In San Francisco, a plastic bag labeled as pig's blood was thrown through the front door of Minority Assistance Services (MAS), an organization serving mostly Middle Eastern immigrants. According to San Francisco police, someone called the MAS office and said the package was "for your brother Osama bin Laden."
These events are not going unchallenged by Americans who feel that this xenophobia can be poisonous.

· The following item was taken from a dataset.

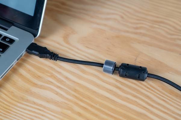 Về phần dây kết nối, chúng ta có một chiếc dây được bọc dù khá cứng cáp, đầu cắm USB được mạ vàng và có cục chống nhiễu.
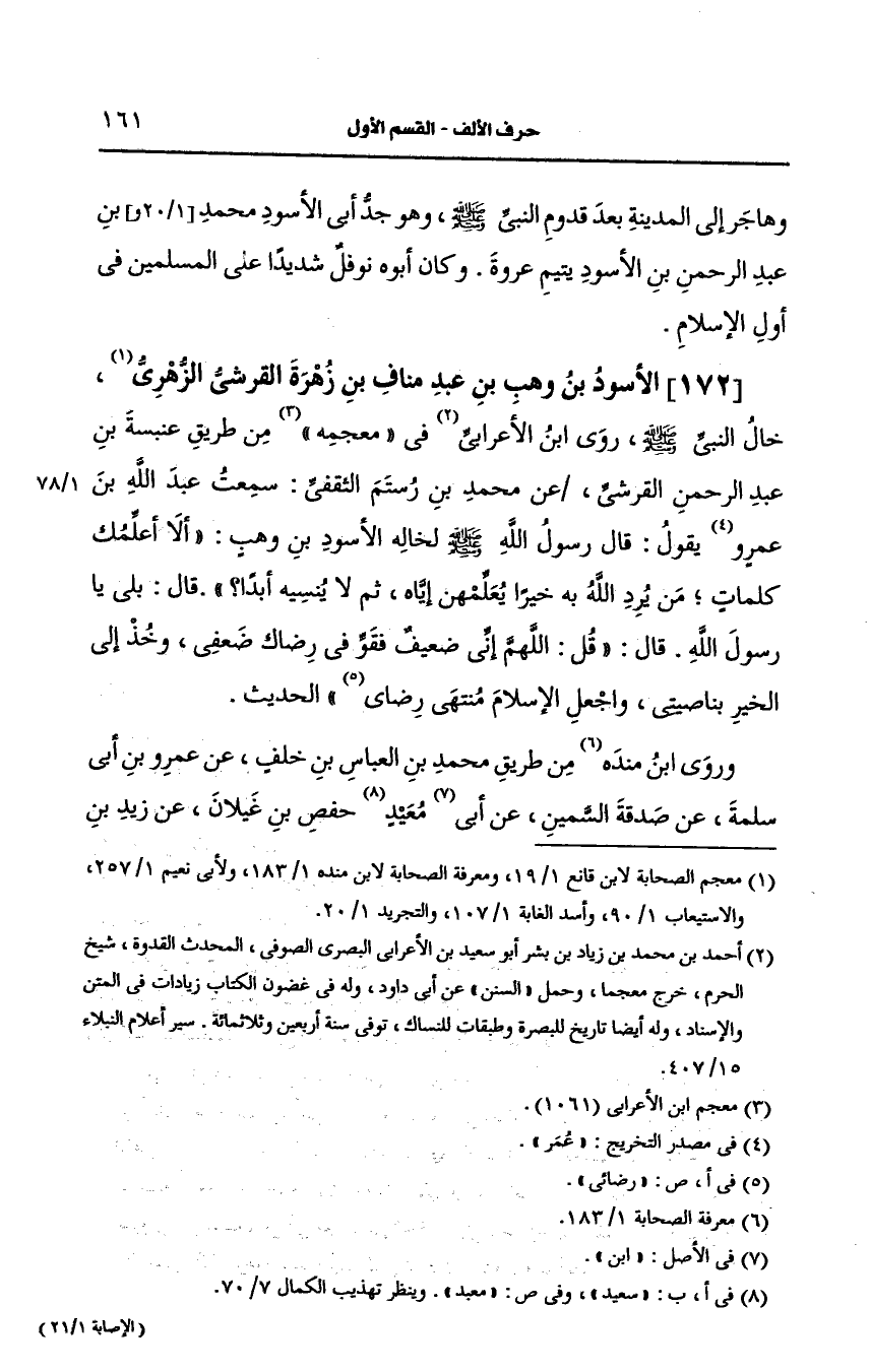 172- الأَسود بن وهب بن عبد مناف بن زهرة، القُرشِيّ الزُّهْرِيّ.

Figures from all over the political spectrum, including President Bush, Secretary of State Colin Powell and Attorney General John Ashcroft, have denounced the scapegoating of Arabs and Muslims.
"We must not descend to the level of those terrorists by targeting Americans based on race or religious origin," Ashcroft said in a press conference. "That is in direct opposition to the ideals that America stands for."
Congressman David Bonior, a Michigan Democrat, echoed this theme, saying that anti-Arab bigotry needs to be fought and challenged. "I come from Michigan, home to hundreds of thousands of Arab Americans and American Muslims," Bonior told Reuters. "Already, leaders in the community there - patriotic Americans who every day give so much to this country, who have condemned these attacks, and who are as sickened by the carnage as everyone else - have been getting death threats. Such hateful prejudice offends us all."
Immediately following the 1995 Oklahoma City bombing, many American Arabs and Muslims came under attack when it was still widely believed that Muslims or Arabs were responsible. This pressure and hostility would last until Timothy McVeigh, a white American, was found, charged and convicted of the bombing, which was until last week the biggest act of terrorism ever committed on US soil.
The American Civil Liberties Union has set up a phone line for Arab Americans to report threats, violence or violation of their civil liberties. "We want to collect information and take appropriate action if necessary," Dorothy Ehrlich, executive director of the San Francisco office, told the San Francisco Chronicle.
This may relieve some of the tensions felt by many American Arabs and Muslims, but many say the crimes, threats and anger directed against them must be fought and spoken against by all Americans.
"Those who commit these crimes against American Arabs and Muslims are anti-American and anti-democratic," said Hamod. "The people doing this are as much a part of the lunatic fringe as those who committed those maniacal deeds in New York and Washington."